Douglas Coupland is probably still best recognised as the writer of Generation X, which was released in 1991 and was an attempt, in Coupland’s words, to “show society what people born after 1960 think about things”. But most people have overlooked what is perhaps his most insane achievement: in 1995 he totally predicted the existence of Minecraft.

In Coupland’s third novel Microserfs, he describes a “virtual construction box” using “3D Lego-type bricks” that can be used to create anything the user desires. He calls this program ‘Oop!’.

Oop! is a virtual construction box — a bottomless box of 3D Lego-type bricks that runs on IBM or Mac platforms with CD-ROM drives. If a typical Lego-type brick has eight “bumps”; an Oop! brick can have from eight to 8,000 bumps, depending on the precision demanded by the user.
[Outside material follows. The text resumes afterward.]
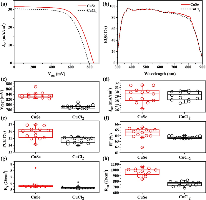 图3 器件性能比较:(a) 冠军器件的J-V 曲线。(b) 相应的EQE与波长的关系。(c-h) 光生伏特参数的统计分布。VOC (c)、JSC (d)、PCE (e)、FF (f)、RS (g)和RSH (h)。

Oop! users can virtually fly in and out of their creations, or they can print them out on a laser printer. Oop! users can build their ideas on a “pad” or they can build their ideas in 3D space, a revolving space station; running ostriches … whatever. Oop! allows users to clone structures, and add these clones onto each other, permitting easy megaconstructions that use little memory. Customized Oop! blocks can be created and saved. The rations and proportions of Oop! bricks can also be customized by the user in much the same way typefaces are scaled.

Pretty creepy.

Douglas Coupland Predicted Minecraft [The American Conservative]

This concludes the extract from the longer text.